Another Look at Income Inequality
In Mark Perry’s recent post: More on … ‘rising income inequality’ with new data from … Census report he argues Census data indicate not much has changed over the last twenty years. The share of total income earned by the top 20% and the top 5% of households is about the same now as in 1993.
Many news stories look at income data for the top 10%, 1%, or .1%, and with the stock market booming, income gains is higher at the top income levels.
Much of the news focus on income and wealth inequality follows the publication of Thomas Piketty’s Capital in the Twenty-First Century. The research findings in the book have however been challenged by other economists. Don Boudreaux reviews Piketty’s book in Barrons.

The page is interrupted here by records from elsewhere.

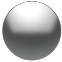
F CAP from Ø9,5 to Ø17 mm
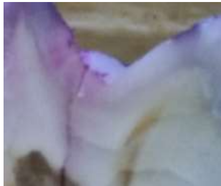
Figure 1. Dye penetration in the tooth/sealant interface under an optic microscope with a magnification of 10
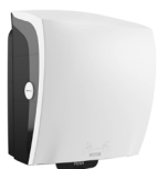
82094 Katrin Plastic Dispenser For System Paper Towel Roll, White
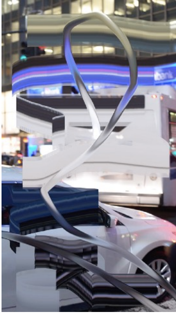
"New York City #smudge #video", 2016, video still
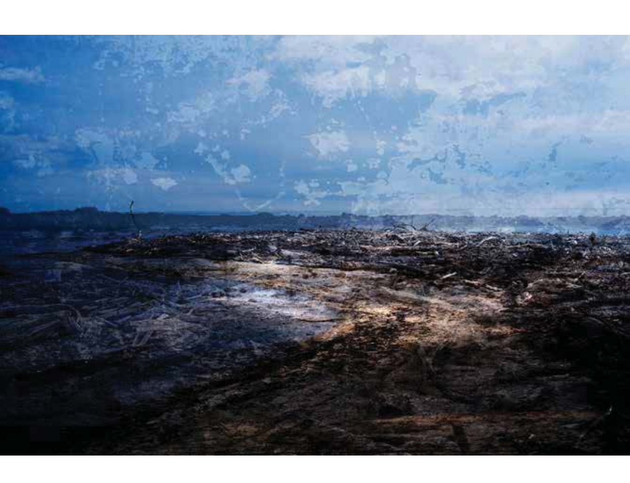
Remains of day, digital print on composite aluminium sheet, 2017
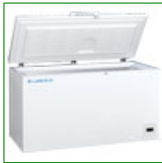
Labcold RLHE1345 Superfreezer 375 Litres

Capacity: 375 Litre Config: Chest 860mm H x 1500mm W x 735mm D
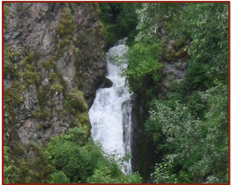
Thunder Bird Falls Trail Profile

Access: Thunder Bird Falls Trailhead Allowable Uses: Hiking. No bikes allowed. Distance: 1 mile one way Elevation Gain: 175 feet Difficulty: Easy
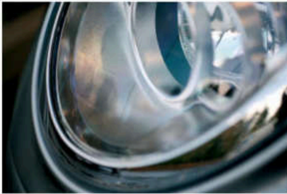
AERO 8 MANUAL
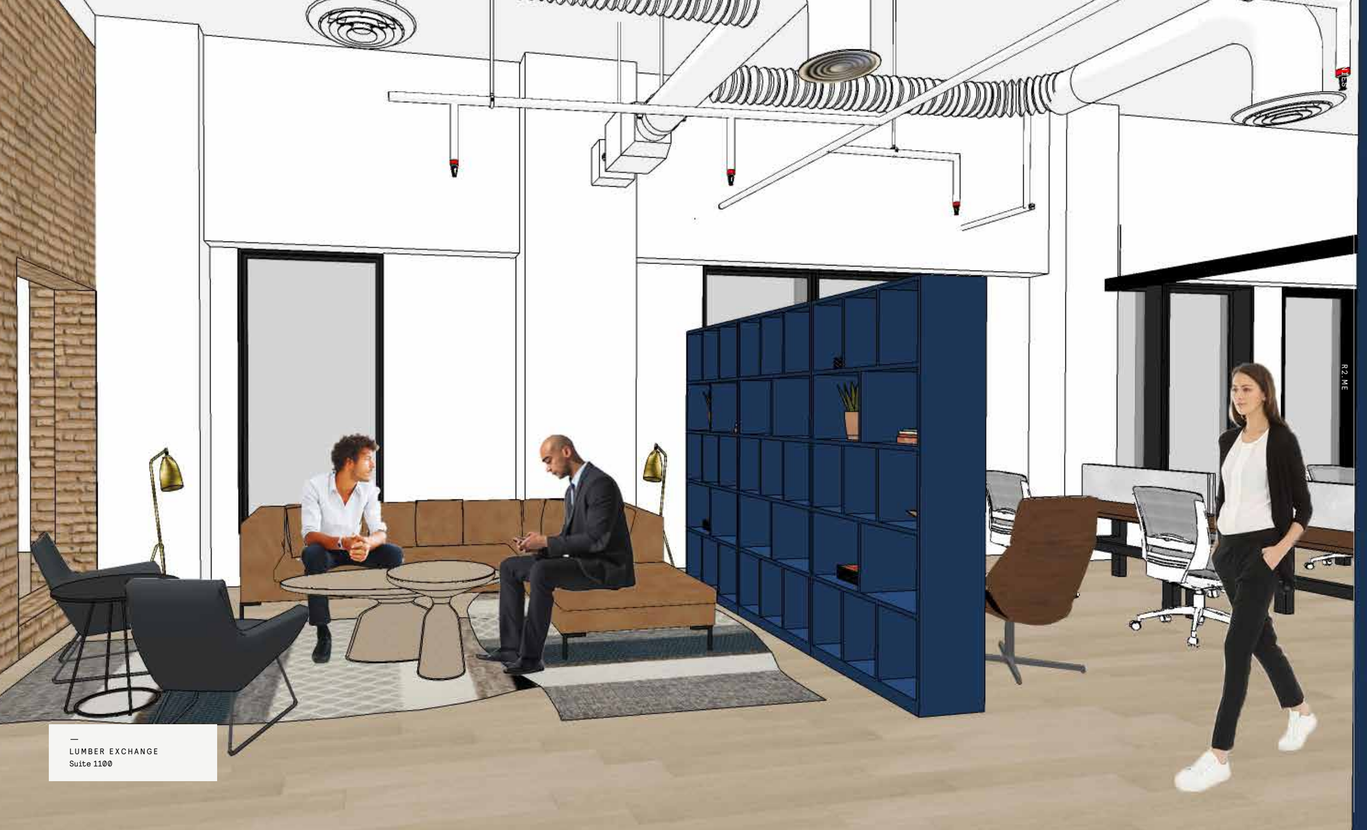
LUMBER EXCHANGE Suite 1100

Boudreaux explains a key issue often overlooked:
If we follow the advice of Adam Smith and examine people’s ability to consume, we discover that nearly everyone in market economies is growing richer. We also discover that the real economic differences separating the rich from the middle class and the poor are shrinking. Reckoned in standards of living—in ability to consume—capitalism is creating an ever-more-egalitarian society.
Very rich people have lots of wealth and income, but their high-definition televisions (many purchased early for $5,000 or more) have pictures rarely better than the HD TVs the rest of us purchased some years later for under $1,000. The gear shifters and other technology on high-tech mountain bikes the rich buy for $10,000 or more, are usually available to the rest of us a few years later for under $1,000. We should thank the rich for funding the development costs for advanced technologies that the rest of us can soon afford.

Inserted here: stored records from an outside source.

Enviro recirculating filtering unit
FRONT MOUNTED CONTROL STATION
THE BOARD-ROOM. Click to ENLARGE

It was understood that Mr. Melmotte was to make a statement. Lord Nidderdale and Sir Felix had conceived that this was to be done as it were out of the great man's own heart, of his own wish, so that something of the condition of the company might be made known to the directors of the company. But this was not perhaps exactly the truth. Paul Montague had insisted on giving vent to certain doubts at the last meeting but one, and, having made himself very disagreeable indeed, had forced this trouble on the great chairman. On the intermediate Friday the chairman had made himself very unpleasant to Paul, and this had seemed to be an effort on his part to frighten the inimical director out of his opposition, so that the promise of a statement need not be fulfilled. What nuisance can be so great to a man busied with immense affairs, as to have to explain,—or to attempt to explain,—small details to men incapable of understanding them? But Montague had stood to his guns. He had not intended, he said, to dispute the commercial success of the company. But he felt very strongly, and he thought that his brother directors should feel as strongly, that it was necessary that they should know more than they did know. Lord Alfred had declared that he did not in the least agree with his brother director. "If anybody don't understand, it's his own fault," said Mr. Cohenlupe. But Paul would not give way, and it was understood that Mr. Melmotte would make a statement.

The ultra rich can afford bigger houses and boats, more expensive vacations, and pay for higher-end technology sooner than the rest of society. But how big a deal is any of that? Does a bigger a house or bigger boat really matter? Most Americans have houses people in other countries think are weirdly large already.
Families living in developed countries enjoy an astonishingly level of luxury. The more complicated task is to manage our lives so we live within our incomes and avoid cheated by scam artists or jump onboard destructive or wasteful fads. People not paying attention can go deeply in debt buying stuff they don’t really care about, from too-expensive cars to high-dollar vacations. Many people are too late learning to save first before spending. And many make their lives harder by eating too much (of the wrong foods), exercising too little, and not learning how to manage stress.

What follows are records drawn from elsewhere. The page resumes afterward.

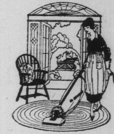
The Hoover is guaranteed to prolong the life of rugs.

Are you tired at the end of sweeping day? It is no wonder that such effort saps your energy.
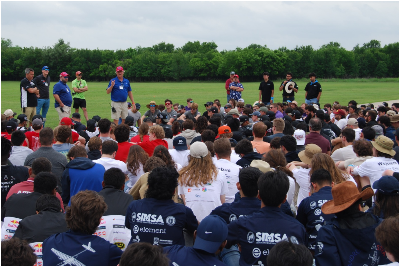
We're going to need a 'Bigger Boat'
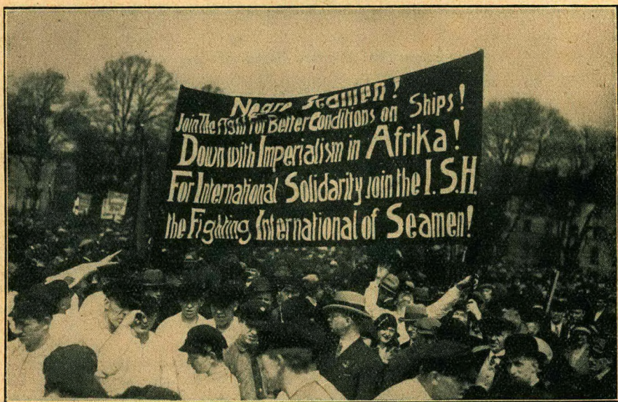
International solidarity with Negro Workers, 100,000 workers demonstrating at Hamburg, Germany, for international solidarity and against imperialism in Africa.

However, if war breaks out, the Negroes must line up on the side of the revolutionary front and use the arms which their white oppressors put in their hands

Okay… end of lecture. Sorry…
Separately, it is important to remember that the people in the top 20 percent and top 10, 5 and 1 percent of income levels are mostly different people than twenty years ago. There is significant income mobility as people mature and gain more valuable work skills, and for others as they get older and retire to lower incomes.
Income mobility itself is much debated. This NYT article cites research over the last twenty years: “Upward Mobility Has Not Declined, Study Says“
The odds of moving up — or down — the income ladder in the United States have not changed appreciably in the last 20 years, according to a large new academic study that contradicts politicians in both parties who have claimed that income mobility is falling.